Not all who are lost, wonder.



Thursday, January 29, 2009

Brainframe

We are all either victims or champions of our own past. Constrained either way, we consider ourselves products of our experiences and our environments. But just as buddhism teaches that you are not your thoughts, and to be present in yourself, your body (which is implicitly included in the self, but often thought of as seperate to us westerners), the same is true of your experiences and your past.

In this i am a missionary, a zealot and a mendicant: the human brain, biologically speaking is the most amazing organ in all existence, precisely because of its ability to change and manipulate itself. How it does this is still a mystery to modern medicine. We claim to be able to control and manipulate it through things like surgery and medicine, the truth is that we have only begun to unlock its interlocking, interwoven secrets. We do know this, the human brain has an inherent ability to change, in biological terms, be "plastic," maleable (even according to the Dalai Lama).
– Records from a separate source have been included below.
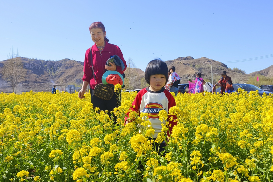 村头,“花潮庙会”大型宣传牌分外醒目,每天两三千名游客慕名而来。漫步山前油菜田,闻香观景,拍照留念。姑娘们身着汉服,袅袅婷婷,与金黄的油菜花相映成画。孩子和老人荡秋千、识野菜,手握锄头体验农事。自驾、骑行者泊好房车、支起帐篷,尽享野炊乐趣。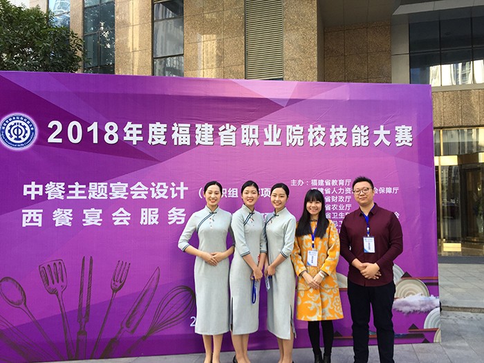 在培养学生方面,本专业以许爱云老师的“六化”训练模式为基础,根据训练内容课程化、指导教师团队化、训练选手梯队化、训练方式多样化、训练管理规范化和训练资料信心化,培养学生的综合素质,在历年的技能竞赛中,都获得了骄人的成绩。尤其是在2018年福建省职业院校技能竞赛中,外国语与旅游学院学生参加了7个赛项的比赛,取得了优异成绩。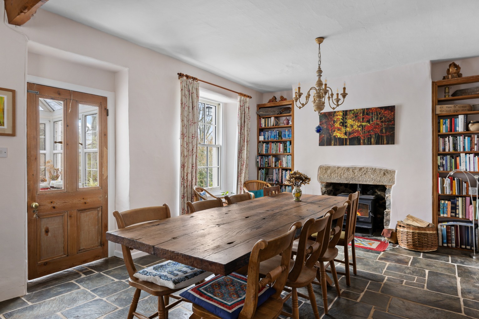 The sitting room is another wonderfully proportioned reception room, with windows to the front and side elevations and French doors opening into the conservatory. It is a bright and comfortable space with a wood burner and plenty of room for a full range of furniture. There is also a separate dining room, again with a wood burner, which offers excellent flexibility as a formal dining room, second sitting room, library or study. Together with the hall and study area, cloakroom and kitchenette, this part of the house could also work especially well for those seeking annexe-style potential for a dependent relative, guest accommodation or a degree of separation for multi-generational living.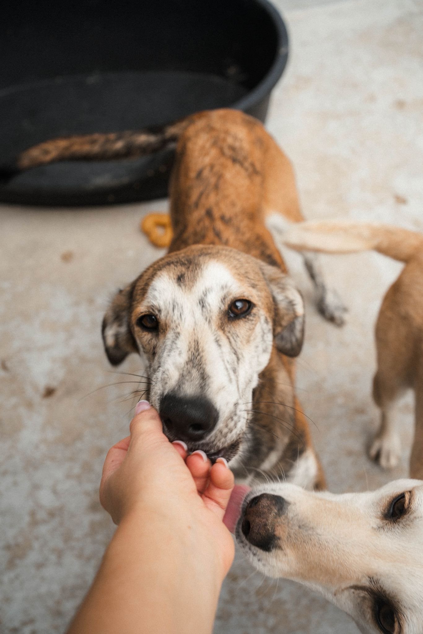 Ein weiterer Hund in seiner zukünftigen Familie würde ihm sicherlich sehr guttun, ist aber keine Bedingung. Aktuell lebt Pelle friedlich mit einer kleinen Hundegruppe zusammen. Wie die meisten griechischen Hunde ist Pelle sehr sozial und spricht die Hundesprache perfekt.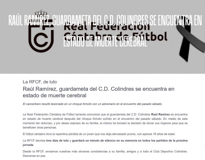 皇家马德里俱乐部、其主席及董事会对科林德雷斯俱乐部19岁的门将劳尔-拉米雷斯的毕命深表悲伤。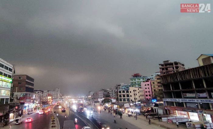 কালো মেঘে ছেয়ে গেছে রাজধানীর আকাশ। যাত্রাবাড়ির কাজলা থেকে ছবি তুলেছেন শোয়েব মিথুন।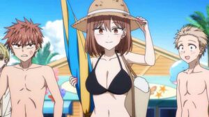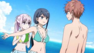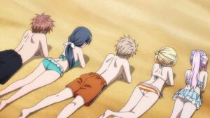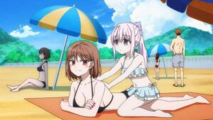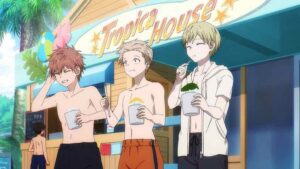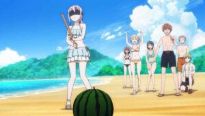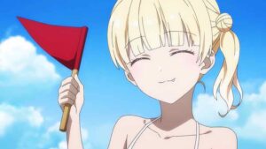 As is often (probably usually) the case with series like this, KashiOota is best when it focuses on the main pair. They remain both charming and funny, and drive the engine here for the most part (though Sada and Tadokoro are both major net-pluses). Once more we spin the wheel of romcom standards, and this time it stops on “beach episode”. And because this show loves those tropes so much, it manages to leverage three out of a single episode – logically adding “shopping for swimsuit” and “test of courage” to the brew.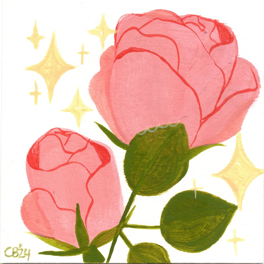 A jelly gouache painting of pink roses. It is painted on cold press watercolor paper and measures 3x3inches.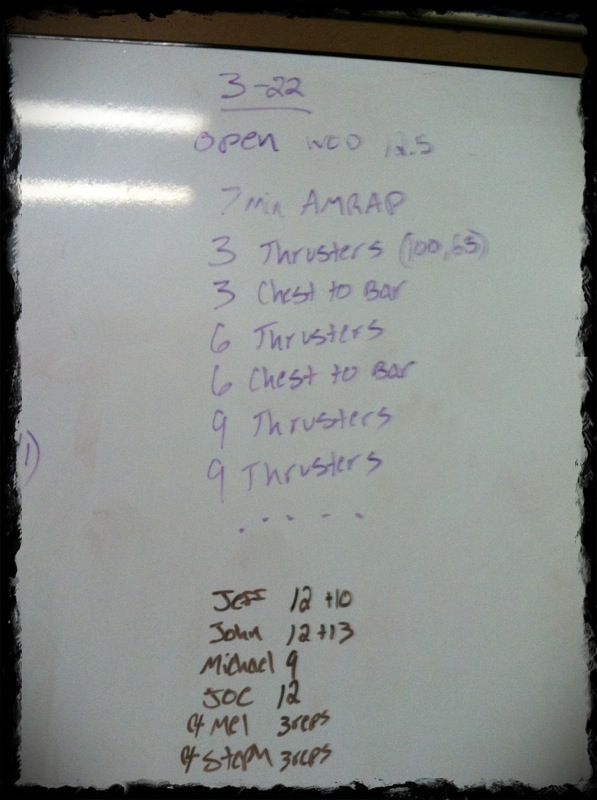 12.5 came as a repeat form 2011. I really don’t care but it seemed to cause a stir amongst the mob. Why complain? Just beat what you did last year! Easy right? Heheh, I don’t know. I just know I can’t do a pull up so HOW IN THE WORLD am I going to get my chest to the bar? I’m not.
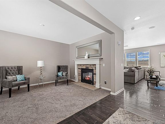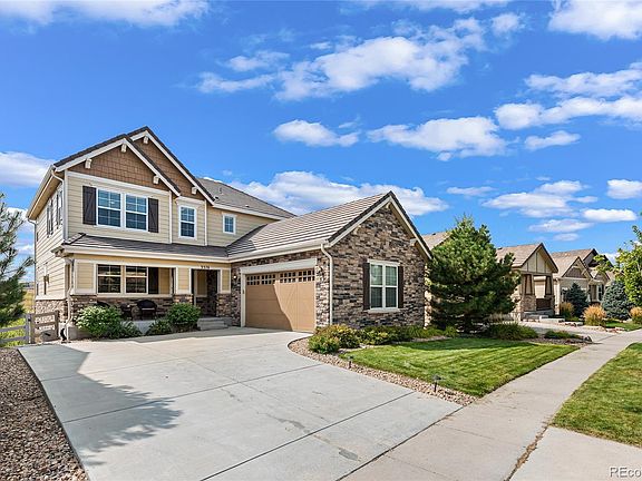 Welcome home to one of the best sites in the coveted Anthem Highlands neighborhood! This stunning two-story home offers the perfect setting, backing up to majestic open space, ponds, and an unbelievable view of our Colorado Rocky Mountains! Relax on your back deck or walkout patio and watch the sun rise and set, and wave to a hot air balloon or two! This beautifully maintained dream home features impeccable quality, style, and design. Each floor is balanced with elegance and class in this two-story masterpiece which features 5 bedrooms, 4 bathrooms, with full finished walkout basement, exceptionally large family room, open design kitchen and living room perfectly laid out for entertaining. The main floor is light and bright with many windows facing breathtaking views. The expansive kitchen boasts a deep and large island with granite countertops, beautiful tiled backsplash, double ovens, gas cooktop, high-end stainless-steel appliances, and plenty of cabinet space! The granite upgrade is continued throughout the home. The master suite with large windows includes a private five-piece bathroom, granite tops, and a spacious walk-in closet. Enjoy the low maintenance yard with your view from the upper deck or lower patio off the walkout basement. This home has exclusive access to the resort-style Parkside Community Center. Anthem is unlike any other community and offers fitness classes, an abundance of outdoor amenities like trails and parks, and amazing community pools with fantastic schools! Now is your chance to live in elegance.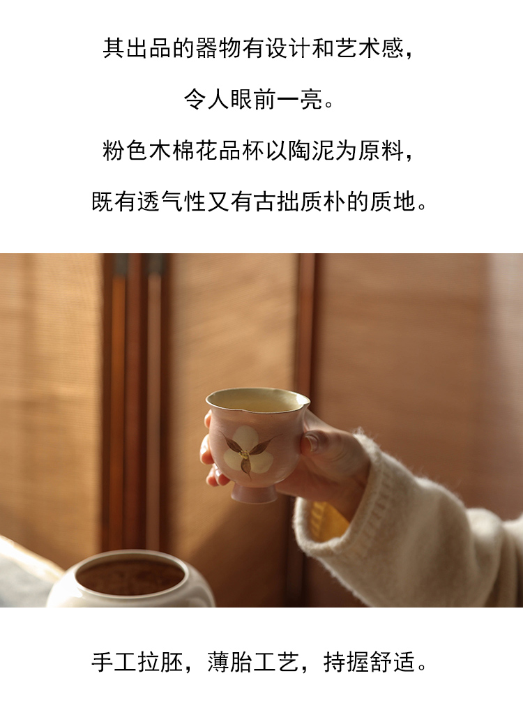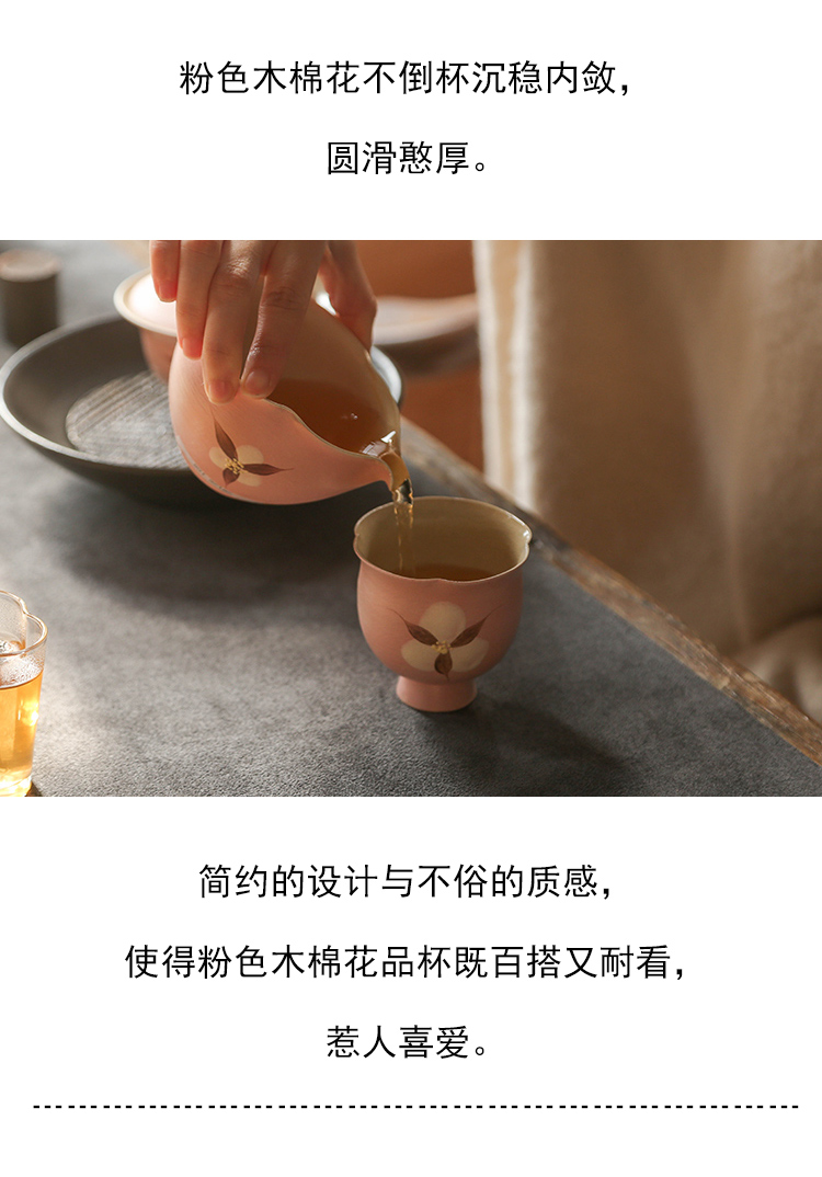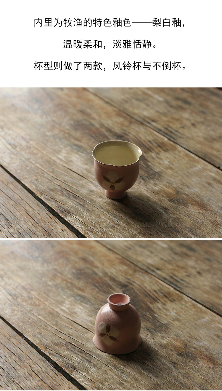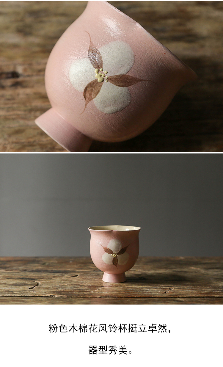 茶香记 粉色木棉花品杯 牧渔 精巧优雅 古拙质朴 手绘木棉花 风铃杯与不倒杯 百搭好用 简洁耐看 质感十足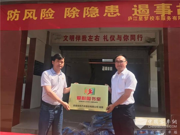 2019年6月14日,“百城千校”安凯校车公益行——爱心图书捐赠活动温情启程,走进安徽省合肥市庐江县金牛小学,在为孩子们带来书包、文具、书籍等爱心物资、成立爱心图书室的同时,安凯联合庐江星梦校车服务有限公司开展校车安全教育活动,共同助力金牛小学的孩子们筑梦快乐成长。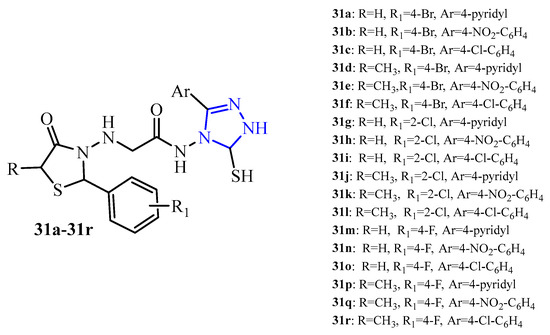 A series of 2-aryl-3-aminothiazolidin-4-one derivatives with 1,2,4-triazole moiety (31a–31r) (blue color in Figure 13) were synthesized and studied for antibacterial and antibiofilm activity. Screening results showed that derivatives inhibited the S. aureus biofilm formation with IC50 in the range of 25 to 100 µg/mL. There is a mild to moderate effect. Hybrid 31n with 4-nitrophenyl substituent in the 1,2,4-triazole ring and 4-fluorophenyl in position 2 of the thiazolidine ring was most effective in this series. Its IC50 was 12.5 µg/mL, which was a higher potential than the standard ciprofloxacin (IC50 = 25 µg/mL) [47].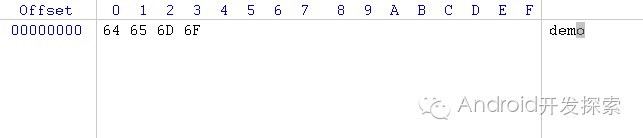 以上代码中,我们使用FileWriter向demo.txt中写入了“demo”这四个字符,我们用十六进制编辑器WinHex查看下demo.txt的内容: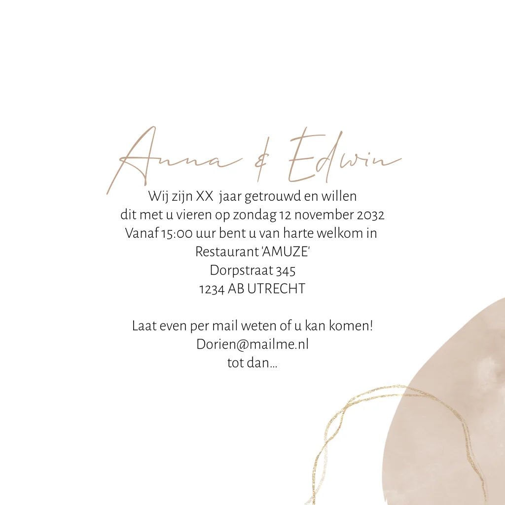 Moderne uitnodiging voor een jubileum met aardetinten en glitterlook.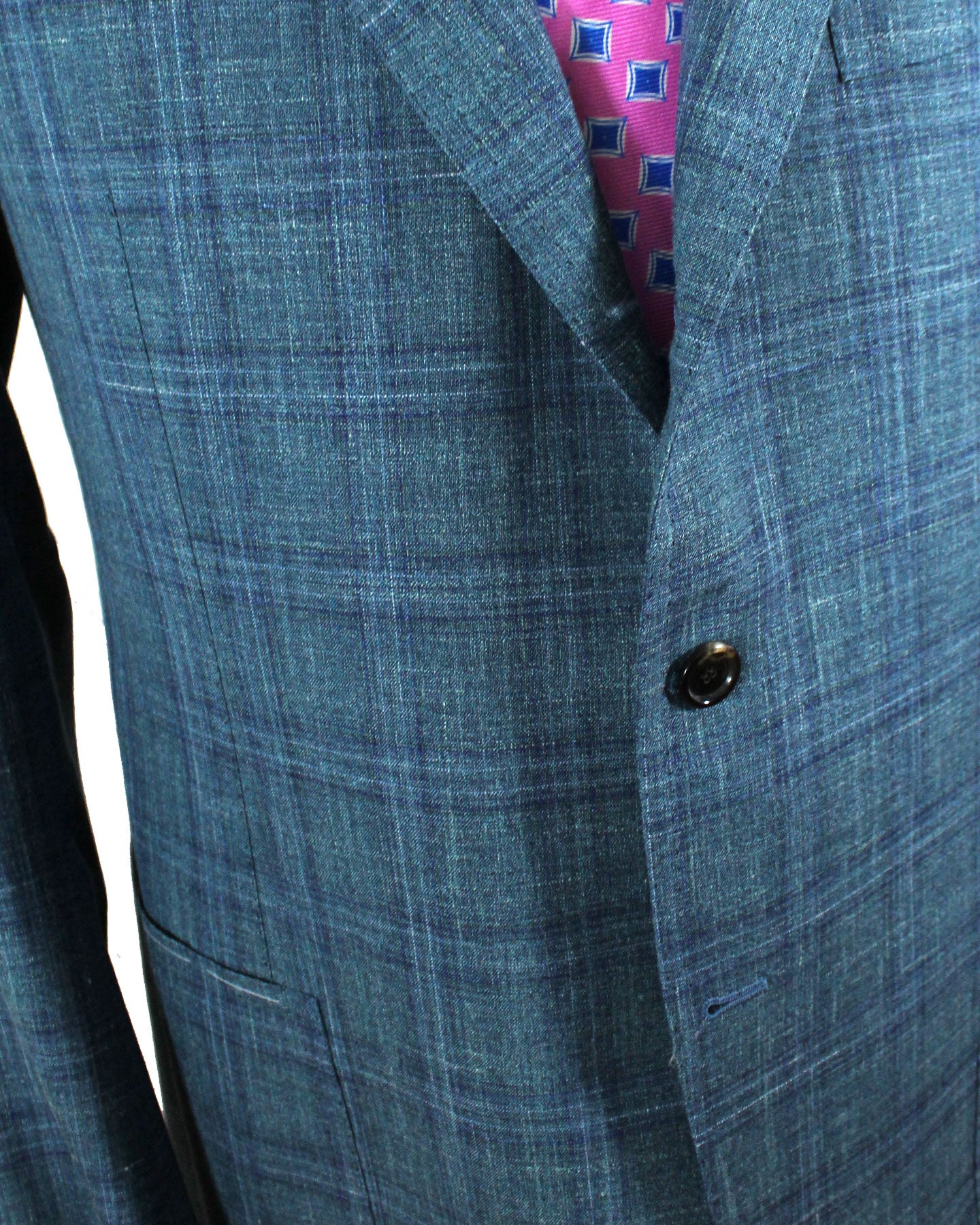 Sartorial - Genuine Cesare Attolini sport coat, unlined construction, subtle blue windowpane design, 3 button jacket (rolling 3rd), wool/ silk/ linen, hand made in Italy. Genuine Cesare Attolini Napoli, authentic Italian sartorial clothes for men. Luxury bespoke men clothes at outlet prices.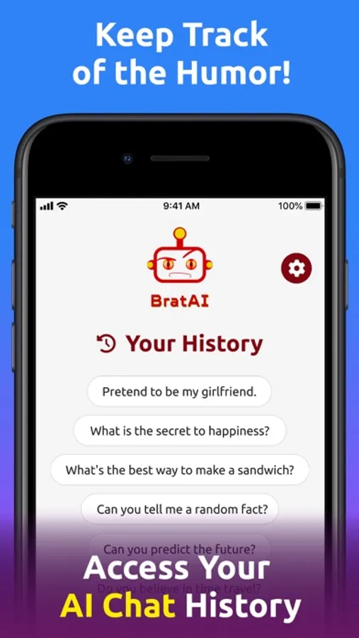 Moreover, BratAI conveniently stores your chat history, allowing you to revisit and relive those moments of laughter. Whether it's a funny joke, a clever pun, or a comical exchange, you can easily scroll through your chat history and reminisce about the hilarious moments shared with your friends. Relive the humor anytime, anywhere, and never miss a beat.

Neuroplasticity describes this growing field.

This video shows the physical effects of mind on the brain, literally mind over matter. Simply by exercising, by focusing energy and attention in the right places, the physical shape of the brain can be molded and expanded.

Hope, belief, faith, these things become much more than immaterial things created by religious institutions to keep the masses in order, but exist as energy and power that can be tuned to create, to produce, to manifest physical reality. The belief that you will be healed, produces its own healing effects.

Like anything else, it takes hard work and practice to get out of the well worn trenches of habit. In the end "It is the curse of humanity that it learns to tolerate even the most horrible situations by habituation." Rudolf Virchow

Ultimately, it is up to us. The power to choose.